Pafburn Pty Limited v The Owners – Strata Plan No 84674 [2024] HCA 49 (Pafburn)
In Pafburn, the High Court via a split 4:3 decision has handed down one of the most highly anticipated judgments of the year for the construction industry.
On appeal from the NSWCA – this decision set out whether a claim under the DPBA can be apportioned in accordance with the proportionate liability scheme in Pt 4 of the CLA[1].
The majority judgment
At a glance, the majority (Gageler CJ, and Gleeson, Jagot and Beech-Jones JJ) judgment provides guidance on the non-apportionability of a claim for breach of the DBPA[1] duty of care based on:
- an analysis of what is vicarious liability, a non delegable duty and a tort, and the operation of the relevant sections of the DBPA pertaining to the statutory duty; and
- the intention of the NSW legislature in introducing the DBPA[2] amidst a “crisis of building confidence” following incidents like the Opal Tower and parliamentary findings[3] in accordance with first principles of statutory interpretation.[4]
The key takeaway of the majority judgment is that a developer, builder and a person within either institution capable of supervision and control of “building work” is personally liable for the whole of the economic loss caused by breach of their s 37(1) duty (if established, subject to causation of loss and proof of the quantum).
Of note, the majority:
- highlighted how the CLA neglects to define concepts of “vicarious liability” ([17]), “non delegable duty” ([20]) and what constitutes a “tort” ([21]), leaving it to common law imbuing each with the flexibility which statute cannot provide; and
- refrained from deciding but noting there is a question [49] re whether a person who is a principal contractor for building work within the meaning of a s 7(2) and who is thereby taken to do building work in accordance with a s 7(3) is for that reason alone a person who carried out building work (being construction work) for the purposes of s 37(1) of the DBPA.
The minority’s concerns
In contrast, the minority (Gordon, Edelman and Steward JJ), applying the same principles of statutory construction but with a greater emphasis on the practical implications of placing all liability on the main contractor or developer, held that the DBPA duty must be apportionable. The key implications of the DBPA duty being non-apportionable of which the minority were concerned included the following (at [99] – [102]):
- the effect on costs and insurance premiums, as main contractors and developers would need to price for the risks placed on them;
- forcing defendants to bring cross claims against concurrent wrongdoers (and the associated bars and costs of such litigation);
- leading to what the “unusual situation” where the common law and DBPA duty of care co-exist; and
- apportionability better promotes the individual and collective responsibility which the legislature aimed to facilitate vis-à-vis the enactment of the DBPA.

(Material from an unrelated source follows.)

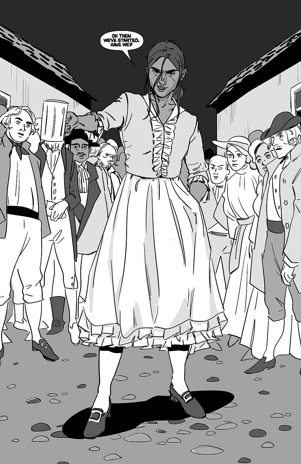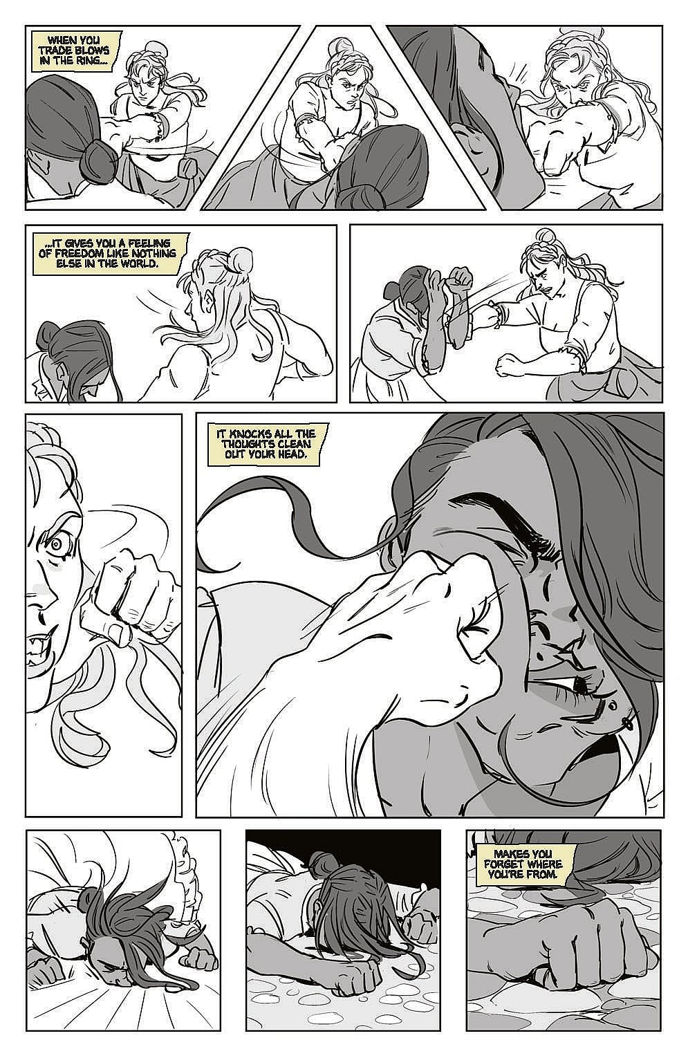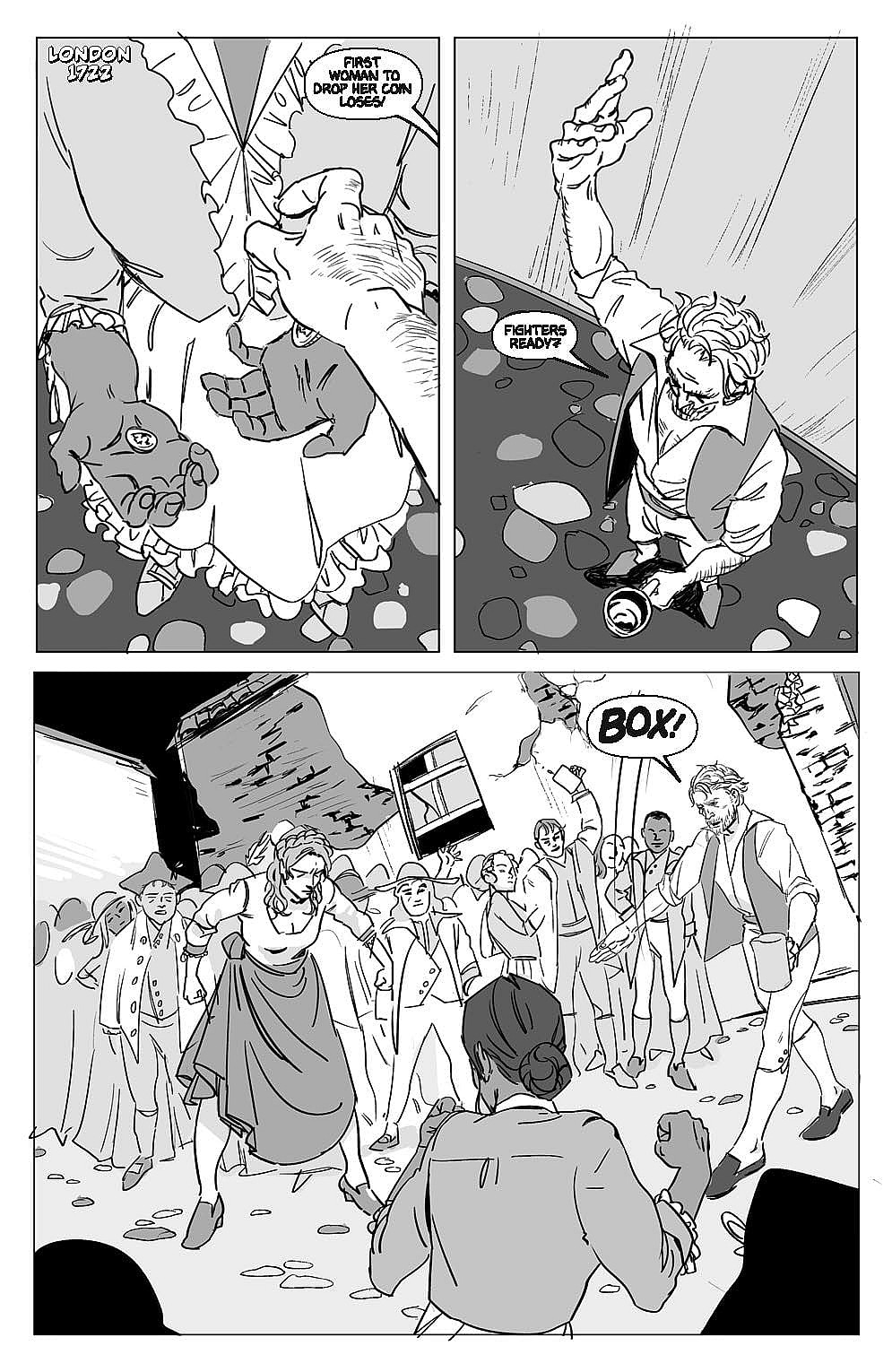 A press release from Legendary Comics reads, “Championess is based on the true story of Elizabeth Wilkinson, a female bare-knuckle boxer in 18th century London. Elizabeth, reimagined as half-Indian, and her sister Tess struggle to make ends meet and cover Tess’s debts.”

The minority ultimately reasoned (at [87]) that a head contractor should not be responsible for the acts of a specialised and/or independent subcontractor given the degrees of separation when many head contractors or builders rely on sub-contractors to provide expertise in areas they lack.
Takeaways and potential implications
While we will see the effect of Pafburn’s clarifications in the new year, the majority’s comments on how the any duty is still subject to causation and proof of loss may be the answer to some of the minority’s concerns.
Apportionable or not, the DBPA only assists a Plaintiff in providing for a statutory duty of care – a Plaintiff must still prove breach, causation and loss. As Loulach[5] and a series of cases have proven, this is no easy feat, the threshold for establishing negligence pursuant to the DBPA being akin to that at common law.
That said, the HCA’s confirmation on non-apportionability is clearly a “win” for plaintiff OCs, streamlining their litigation by removing the need to comply with the procedurally complex apportionment regime under the CLA.
There is also no doubt that, moving forward, increased scrutiny will be applied to the drafting and negotiation of construction contracts in NSW in an attempt to reallocate risk in response to the minority’s concerns noted above, possibly focusing on the majority’s unanswered question on the deeming of a principal contractor as a “person who carried out construction work”.[6]
[1] Design and Building Practitioners Act 2020 (NSW) (DBPA).
[2] Including by reference to the Second Reading Speech (New South Wales, Legislative Assembly, Parliamentary Debates (Hansard), 23 October 2019).
[3] of the Commonwealth of Australia, Inquiry into the Law of Joint and Several Liability: Report of Stage Two (1995) cited in Woodhouse v Fitzgerald (2021) 104 NSWLR 475 at 500 [101].
[4] citing Project Blue Sky Inc v Australian Broadcasting Authority (1998) 194 CLR 355 at 382 [70]; South Australia v Tanner (1989) 166 CLR 161 at 171; Shergold v Tanner (2002) 209 CLR 126 at 136-137 [34]-[35].
[5] The Owners – Strata Plan No 87060 v Loulach Developments Pty Ltd (No 2) [2021] NSWSC 1068 (Loulach).
[6] See the majority’s unanswered question above, i.e., on the deeming of a principal contractor within the meaning of s 7 as caught by s 37(1) of DBPA as a person who carried out construction work.